4. Hukuk Dairesi 2018/180 E. , 2018/8115 K.
"İçtihat Metni"MAHKEMESİ : ... Bölge Adliye Mahkemesi ... Hukuk Dairesi
İLK DERECE
MAHKEMESİ : ... Asliye Hukuk Mahkemesi
Davacı ... vekili Avukat ... tarafından, davalılar ... ve ... Gazetecilik Basım Yayın Sanayi ve Tic. AŞ aleyhine 26/10/2015 gününde verilen dilekçe ile basın yoluyla kişilik haklarına saldırı nedeniyle manevi tazminat, kınama kararı verilmesi ve kararın yayınlanmasının istenmesi istenmesi üzerine mahkemece yapılan yargılama sonunda; davanın reddine dair verilen 07/03/2017 günlü karara karşı davacı tarafın istinaf başvurusu üzerine yapılan incelemede; davacı tarafın istinaf başvurusunun kabulüne, ... 15. Asliye Hukuk Mahkemesinin 2015/425-2017/160 sayılı kararının Hukuk Muhakemeleri Kanunu"nun 353/1-b.2 maddesi uyarınca düzeltilerek; davanın kısmen kabulüne dair verilen 07/11/2017 günlü kararın Yargıtayca incelenmesi davacı vekili ve davalılar vekili tarafından süresi içinde istenilmekle temyiz dilekçelerinin kabulüne karar verildikten sonra tetkik hakimi tarafından hazırlanan rapor ile dosya içerisindeki kağıtlar incelenerek gereği görüşüldü.
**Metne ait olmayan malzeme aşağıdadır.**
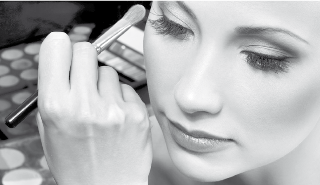
Os cursos serão oferecidos na Unidade Móvel em frente à Etec Fernandópolis

O programa está com inscrições abertas para os cursos de Qualificação Profissional de Manicure e Pedicure, Cabeleireiro e Maquiagem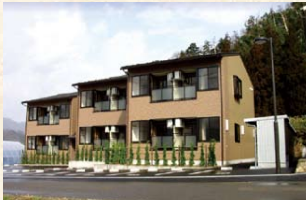
2004(平成16年) ネオパレス若狭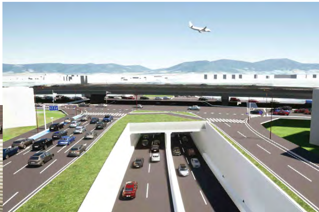
博多バイパス(空港口工区)の立体交差バース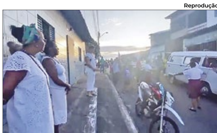
Líderes realizaram um culto em frente a um terreiro em MA

A equipe desenvolveu gráficos que mostram a quantidade de acessos aos livros por turma e relatórios enviados aos alunos a cada empréstimo.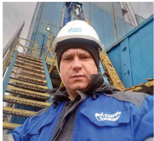
На Вуктыльском месторождении

Мы, в свою очередь, заинтересовались некоторыми фактами из биографии нашего ухтинского коллеги, а расспросив лидера конкурса подробнее, узнали о нем еще много нового и интересного.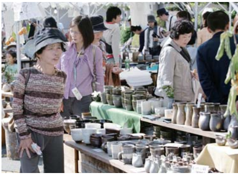
▲それぞれの窯元自慢の逸品が並ぶ

会場では、丹波焼の各種企画展示をはじめ、丹波焼の窯元約四十軒が一堂に会してテント販売を行う「陶器市」や、丹波黒豆をはじめとする丹波篠山の新鮮野菜の販売、特産物を使った飲食コーナーなど、芸術と食の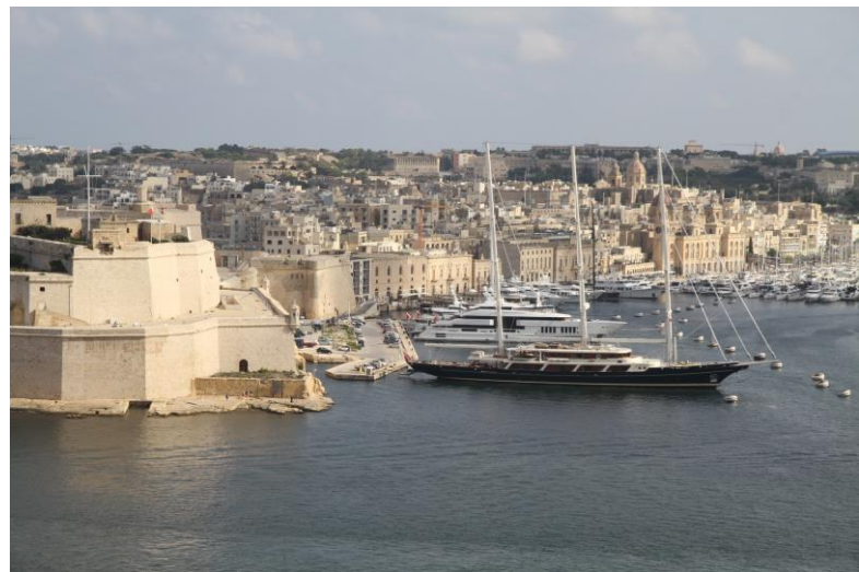
Hafen von Valetta

Seit 1990 unterstützen Mindener Bürger und Firmen und selbst die Bundeskanzlerin Angela Merkel ein Wiederaufforstungsprojekt im Zentrum der Mittelmeerinsel Malta.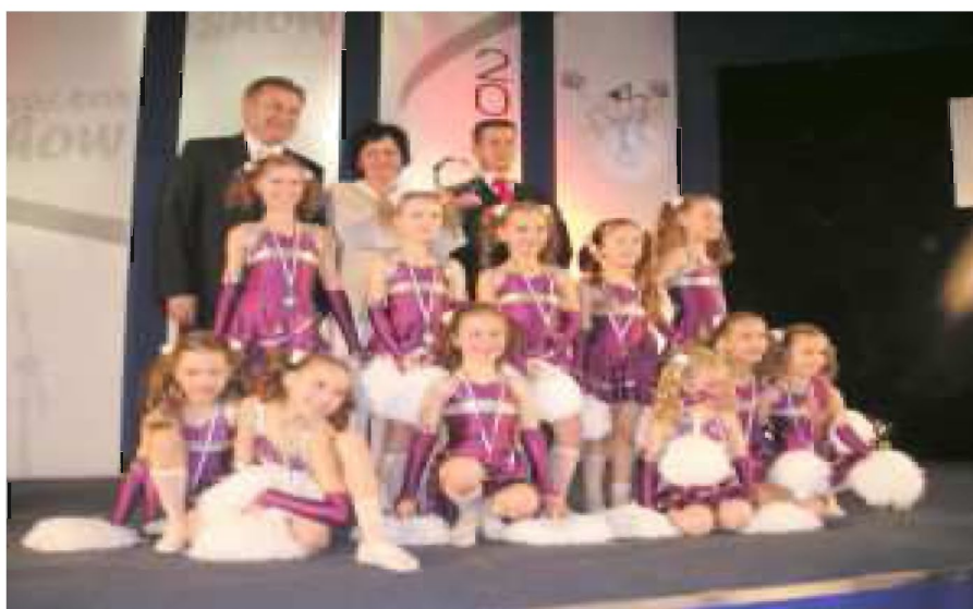
Sosnowiec 2007. Ogólnopolski Turniej Cheer Dance Show

Dziękuję władzom miasta, dyrekcji SP, sponsorom i współorganizatorom imprez oraz Rodzicom pomagającym przy organizacji turnieju, dowożącym dzieci na zawody, oferującym swój czas, trud i dobre serce.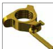
Ecrou ergonomique ajusté

Dava, basın yoluyla kişilik haklarına saldırı nedeniyle manevi tazminat, kınama kararı verilmesi ve bu kararın ilan edilmesi istemine ilişkindir. Mahkemece, istemin reddine karar verilmiş; hükme karşı davacı vekilinin istinaf yolu başvurusu üzerine Bölge Adliye Mahkemesince; istinaf başvurusunun kabulü ile ilk derece mahkemesi kararı düzeltilerek istemin kısmen kabulüne karar verilmiş; hüküm davacı vekili ve davalılar vekili tarafından temyiz edilmiştir.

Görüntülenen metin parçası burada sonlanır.